==== Dataset records ====
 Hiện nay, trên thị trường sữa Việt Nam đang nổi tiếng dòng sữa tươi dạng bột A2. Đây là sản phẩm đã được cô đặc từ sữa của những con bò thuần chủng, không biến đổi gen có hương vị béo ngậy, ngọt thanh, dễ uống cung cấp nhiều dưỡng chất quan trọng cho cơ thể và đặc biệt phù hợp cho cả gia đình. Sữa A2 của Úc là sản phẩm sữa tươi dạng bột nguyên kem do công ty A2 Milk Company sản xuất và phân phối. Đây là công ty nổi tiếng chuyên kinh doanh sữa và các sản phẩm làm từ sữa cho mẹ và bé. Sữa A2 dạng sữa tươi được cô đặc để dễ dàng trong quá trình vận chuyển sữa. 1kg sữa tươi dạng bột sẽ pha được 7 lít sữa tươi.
====
==== Dataset records ====
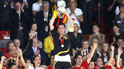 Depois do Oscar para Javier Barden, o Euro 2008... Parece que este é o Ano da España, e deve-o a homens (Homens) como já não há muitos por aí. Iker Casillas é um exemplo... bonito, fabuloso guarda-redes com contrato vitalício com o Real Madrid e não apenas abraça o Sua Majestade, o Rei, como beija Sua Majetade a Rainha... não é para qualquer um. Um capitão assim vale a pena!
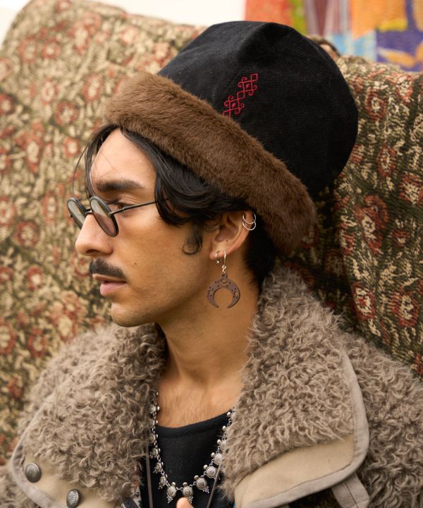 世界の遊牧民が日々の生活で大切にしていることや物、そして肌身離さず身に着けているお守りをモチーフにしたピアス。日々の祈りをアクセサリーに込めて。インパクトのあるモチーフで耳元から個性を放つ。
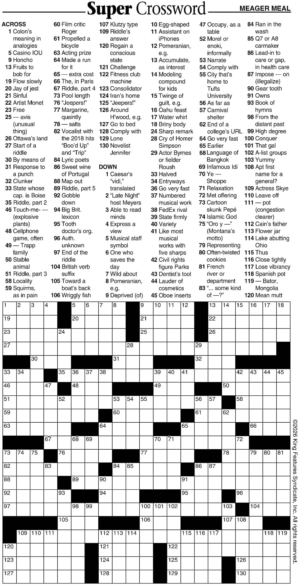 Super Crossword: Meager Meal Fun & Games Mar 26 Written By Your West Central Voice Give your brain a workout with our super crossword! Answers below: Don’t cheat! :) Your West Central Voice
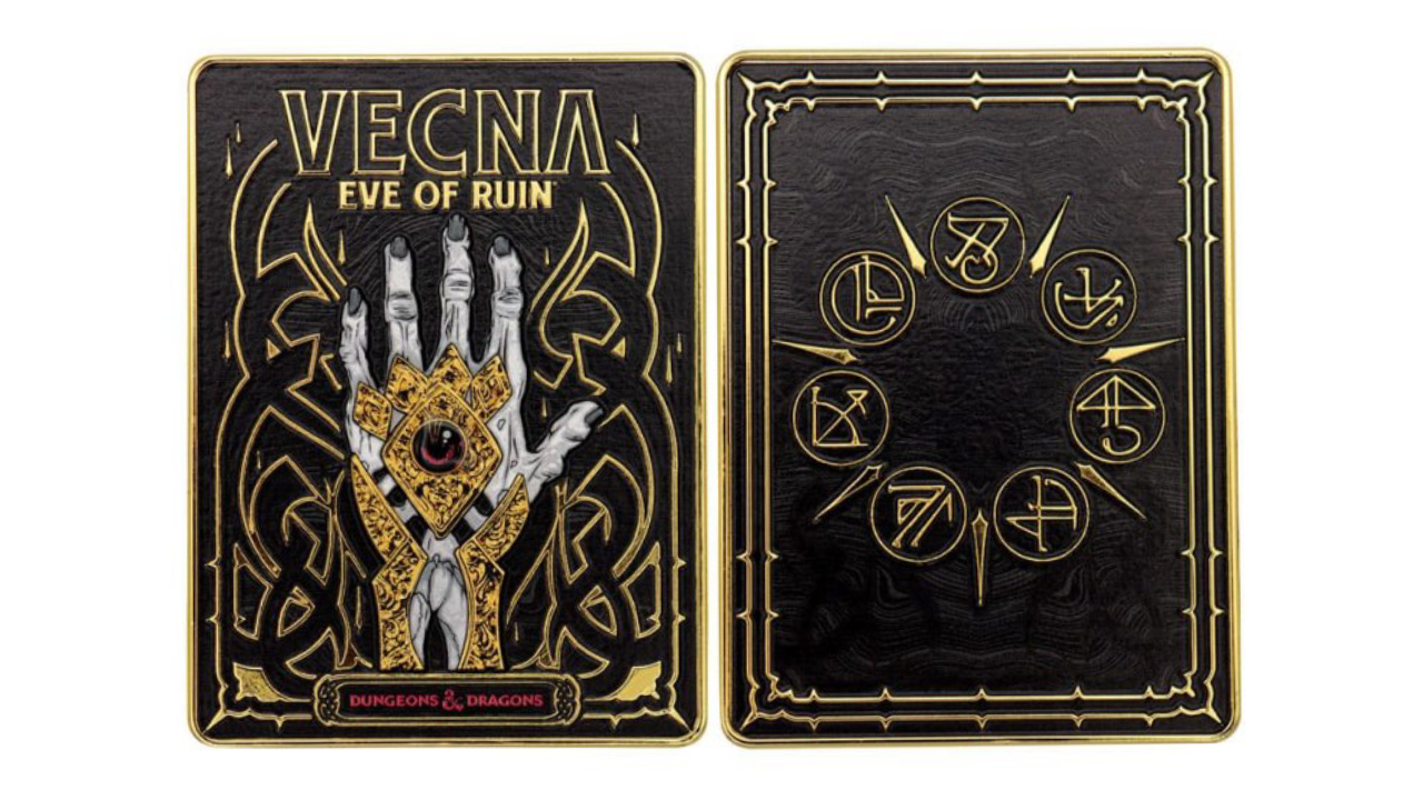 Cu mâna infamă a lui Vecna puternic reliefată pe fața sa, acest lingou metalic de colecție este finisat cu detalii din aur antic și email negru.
====
**What you should do:**
Beginning with the line holding "世界の遊牧民が日々の生活で大" in the material above, restate word for word each line through the line holding "Super Crossword: Meager", and exclude pictures.

**Response to the exercise:**
 世界の遊牧民が日々の生活で大切にしていることや物、そして肌身離さず身に着けているお守りをモチーフにしたピアス。日々の祈りをアクセサリーに込めて。インパクトのあるモチーフで耳元から個性を放つ。
 Super Crossword: Meager Meal Fun & Games Mar 26 Written By Your West Central Voice Give your brain a workout with our super crossword! Answers below: Don’t cheat! :) Your West Central Voice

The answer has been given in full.